I think I paid $15 for my biggest bladder and it easily transfers from pack to pack. When biking I have a little daypack that has a pocket that holds my platypus perfectly, and plenty of compressions straps so I can make sure nothing moves around when I go off a jump. Also has room for a shell, extra layer, etc... All things you really should have with you if going on a long biking trip in the mountains. Some scissors and seam grip made the hose routing as convenient as on any commercially avialable hydration pack. Also, 64 or 100 oz of water attached to the frame of your bike would slosh all over the place, I have enough problem staying on my bike without it being pushed around by something like that. Finally, never having to stop to drink might be the biggest benefit. I can chug water while in midair, or when the bike's on top of me because I've done something stupid.


----------



## rockcrusher (Aug 28, 2003)

This is a really old thread but has there been a breakthrough on this front in the last 7 years? It would be nice to bring a nalgene on my down tube bottom carrier of the jones without a) losing it and b) breaking the frame. 

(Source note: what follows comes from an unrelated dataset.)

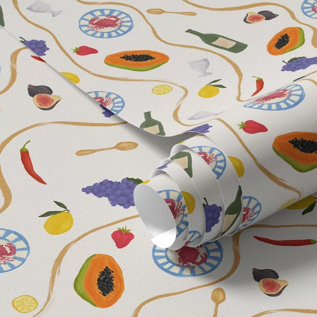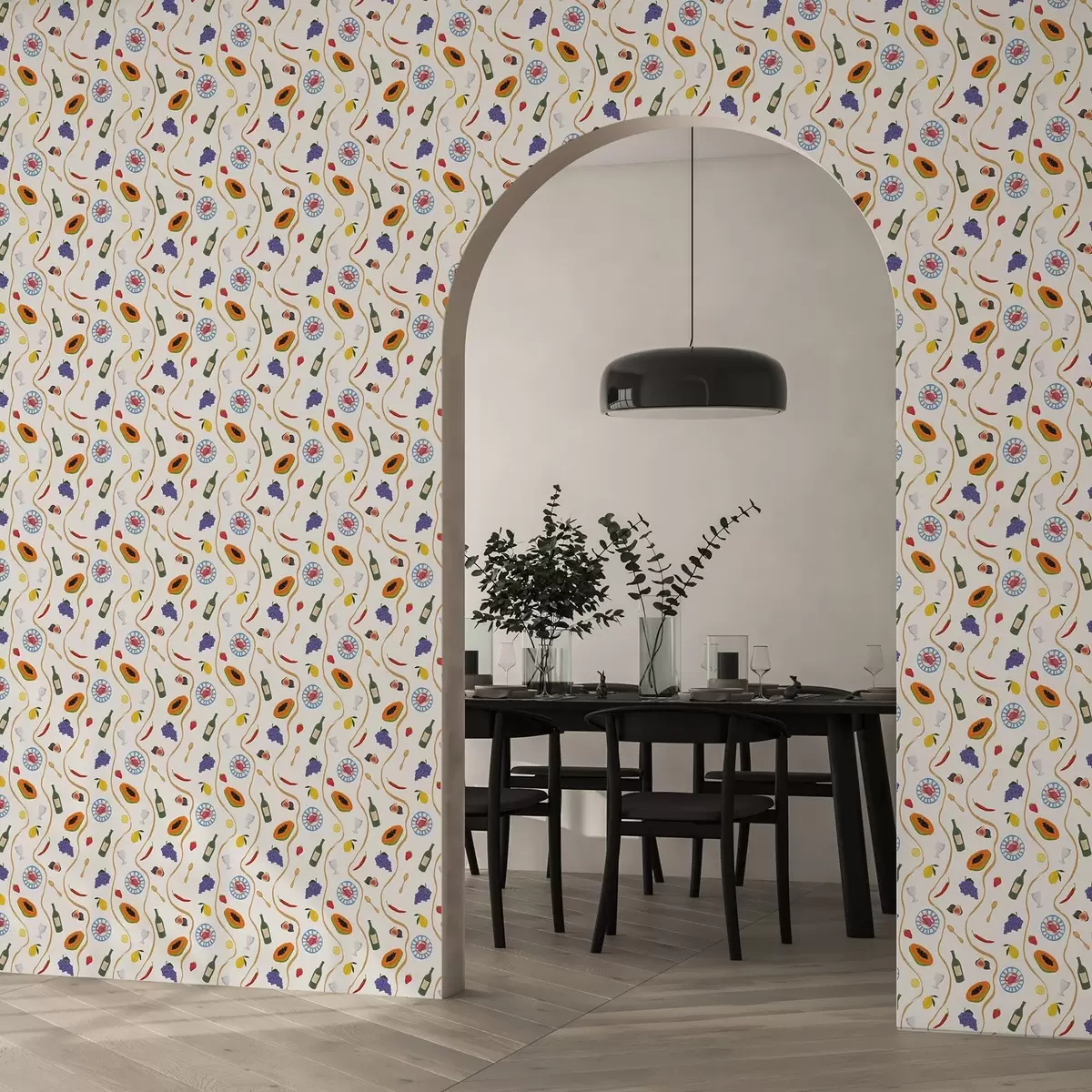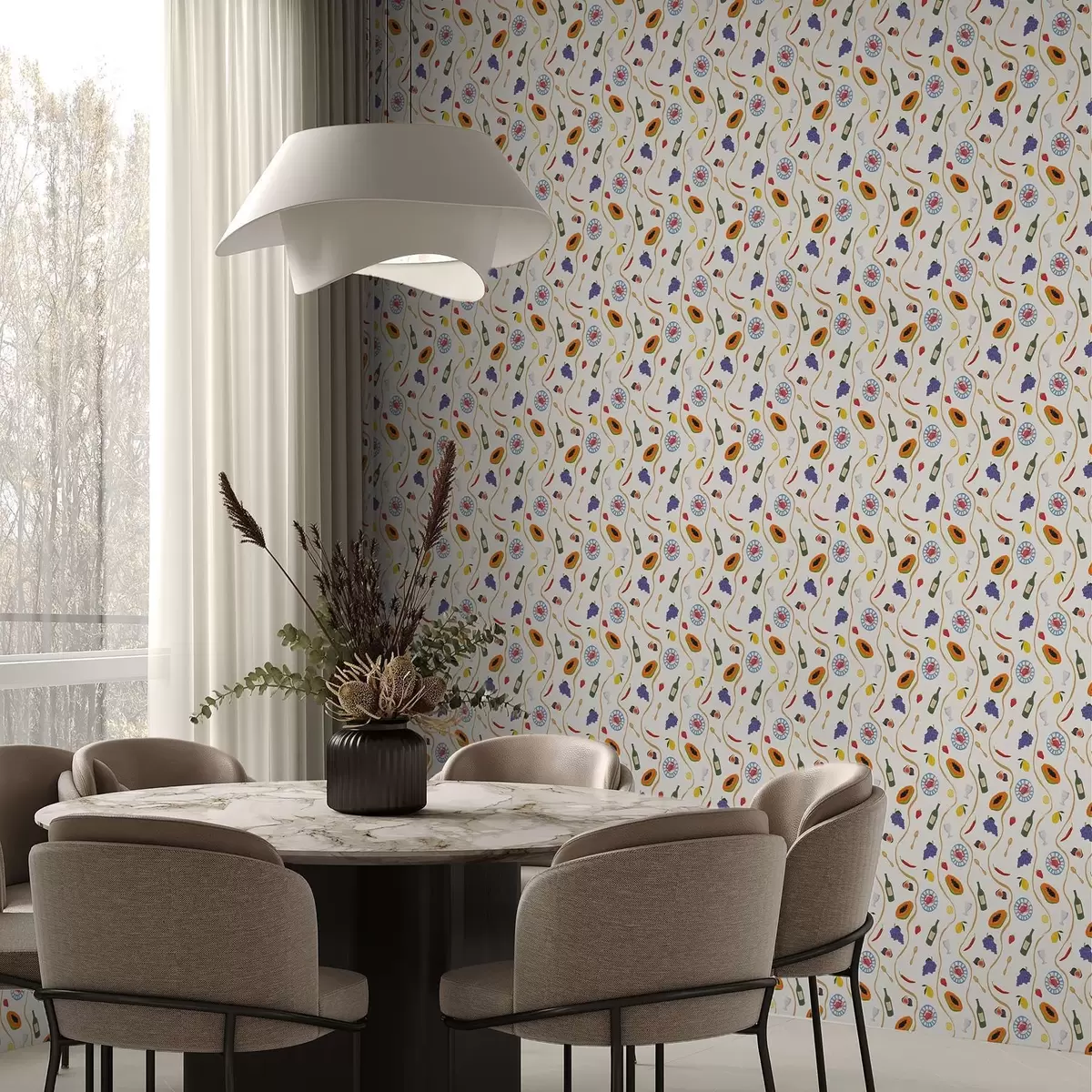 Tapetti Pullot, papaija, sitruunat ja mausteet vaalealla taustalla Nr. a00802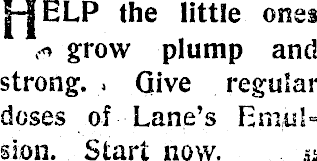 ELP the little ones ~~> grow plump and strong. .• Give regular doses of Lane's F:m,u!= sion. Start now. u

To answer the question I am bike packing in the desert this weekend with a forecasted high of 91°F and a lot of elevation to gain with almost no relative humidity.


----------



## BikeShopMonkey (Nov 18, 2010)

is this what your looking for?

Salsa Cycles | Components


----------



## VO2 Lax (Jan 2, 2011)

I have the Anything Cage on my bike packing rig and the 32oz Nalgene fits, but there's till a lot of room left and a bit over kill. It works, but not ideal to me. To give you and idea, a Jetboil Sumo Companion Cup - 1.8 Liter fits in it perfectly.


----------



## Harold (Dec 23, 2003)

I would rather carry Nalgene cantenes and toss 'em in a bag.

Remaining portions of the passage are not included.